Work to be completed>
The expected result is an exact restatement of the data, free of pictures.

Given material START

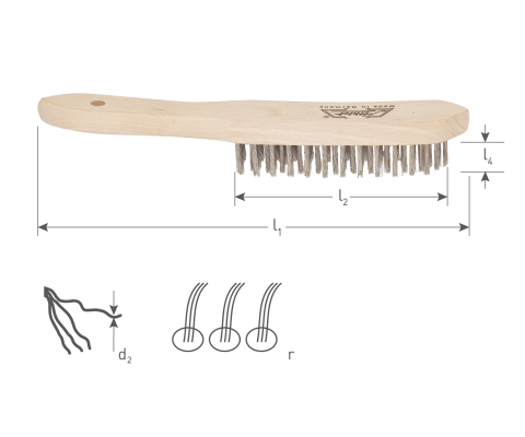 Houten handborstel voorzien van 0,3 mm roestvast kwaliteitsstaaldraad.
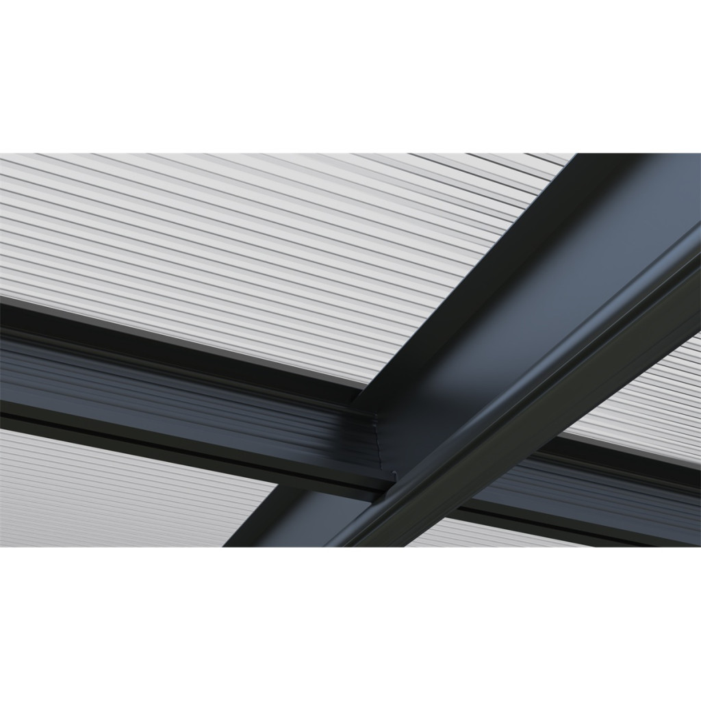 • Kiváló minőségű polikarbonát tető: a 6 mm-es, kétkamrás, UV-védelemmel ellátott panelek átengedik a fényt, ugyanakkor hatékonyan védenek az időjárás viszontagságai és a napfény ellen.
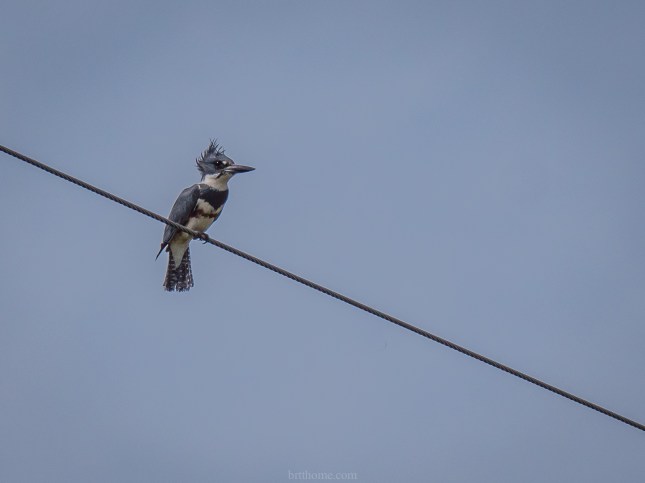 This female Belted Kingfisher and it mate were warily hanging around the Aspen trees and utility wires near the water at “George’s Last Resort” for about two weeks. This lady had her hairdo ruffled as she perched facing downwind….

Given material END

Completed exercise>
 Houten handborstel voorzien van 0,3 mm roestvast kwaliteitsstaaldraad.
 • Kiváló minőségű polikarbonát tető: a 6 mm-es, kétkamrás, UV-védelemmel ellátott panelek átengedik a fényt, ugyanakkor hatékonyan védenek az időjárás viszontagságai és a napfény ellen.
 This female Belted Kingfisher and it mate were warily hanging around the Aspen trees and utility wires near the water at “George’s Last Resort” for about two weeks. This lady had her hairdo ruffled as she perched facing downwind….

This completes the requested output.